The interior of our modern room would be reserved for staff. Customers only have access to the toilets inside. Otherwise, rain or shine, the rest of the setup would be outside on picnic tables, tented or not – like a Abbott from Noank, Conn.. And the cooking appliance — an electric oven, not gas — would be covered and also in the fresh air.

All food would be served on biodegradable disposable plates with a request for customers to take their waste home. (As Sr. M. Charlotte would say, “No snickers there.”) Red wine and sangria would be served from a tap straight from the tub – unlimited with a flat rate, in the spirit of Patrizia from Brooklyn — and self-serve with a drink brought from home or an eight-ounce paper cup provided at the door. The only other drink in the inventory would be Big Apple water – free for all, disposable cup included.

The roadmap for this preference for the great outdoors grew out of the wobbly world of New York’s open streets and Restaurants open program that is very similar to “playing at the restaurant” in the desert. And customers have proven they will endure whatever al fresco has to bring with it. chance encounters – weird weather, beggars, car exhaust, sirens and the occasional vehicle — all for the privilege of dining al fresco.

West Street, Manhattan, 7:00 p.m.

Looking north on an empty West Street in Manhattan’s Financial District at 7 p.m. on Monday, April 6, 2020. Citywide restrictions calling on people to stay indoors and maintain a distance to curb the spread of COVID-19 are in effect. (Staten Island Advance/Steve Zaffarano)Steve Zaffarano

ABSENCE MAKES THE HEART MORE LOVING

Our new business would be daily and seasonal like a Ralph’s in Port Richmond, but operational from the first Tuesday in May to the last Sunday in October. My logic here, as we’ve learned from the lack of catering during COVID: people really don’t appreciate things until they have them.

Now for the food schtick – the basic menu has to be cheap. And by cheap, I mean all the ingredients have a low food cost, something like 20% in mind. This comes with a caveat: various hurricanes, a pandemic, and international politics have taught us that a disrupted supply chain eventually makes its way to the consumer.

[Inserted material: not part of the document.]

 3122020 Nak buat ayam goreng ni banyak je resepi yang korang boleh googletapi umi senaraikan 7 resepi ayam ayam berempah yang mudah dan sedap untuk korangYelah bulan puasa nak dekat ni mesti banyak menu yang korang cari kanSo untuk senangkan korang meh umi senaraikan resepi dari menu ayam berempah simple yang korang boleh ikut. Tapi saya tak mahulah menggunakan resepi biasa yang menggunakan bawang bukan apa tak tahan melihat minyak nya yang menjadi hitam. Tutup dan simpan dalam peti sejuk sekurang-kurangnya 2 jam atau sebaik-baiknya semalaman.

But low food cost means the chef should aim for few ingredients, limited inventory, zero waste, and all edibles sourced as locally as possible.

Or the menu should continually change – daily or even hourly – depending on what’s happening in each season. But who has time to wade through perishable inventory in the markets while still properly running a business?

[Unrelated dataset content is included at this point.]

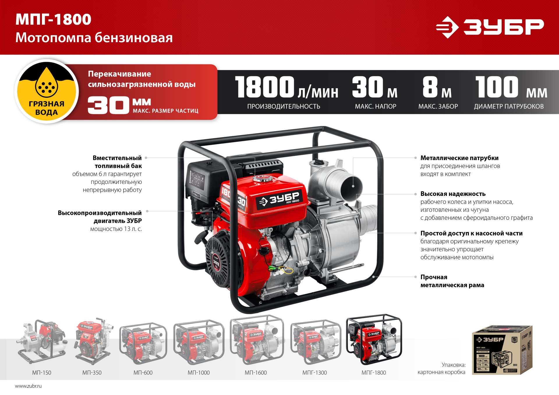 Новый лидер по перекачиванию грязи – способна безостановочно перекачивать грязь со скоростью 1800 л/ мин. Подходит для любых работ на стройплощадке, в сельском хозяйстве, для аварийных работ

With all these considerations – customer service is a topic for another day – I came to the conclusion that our super modern and perfect restaurant menu would include pizza, pasta and sustainable fish – herring, anchovies, mackerel and shad , to name a few species.

If you keep an open mind, I promise the dining experience will be wild and wonderful. At the very least, it will make a good dinner conversation.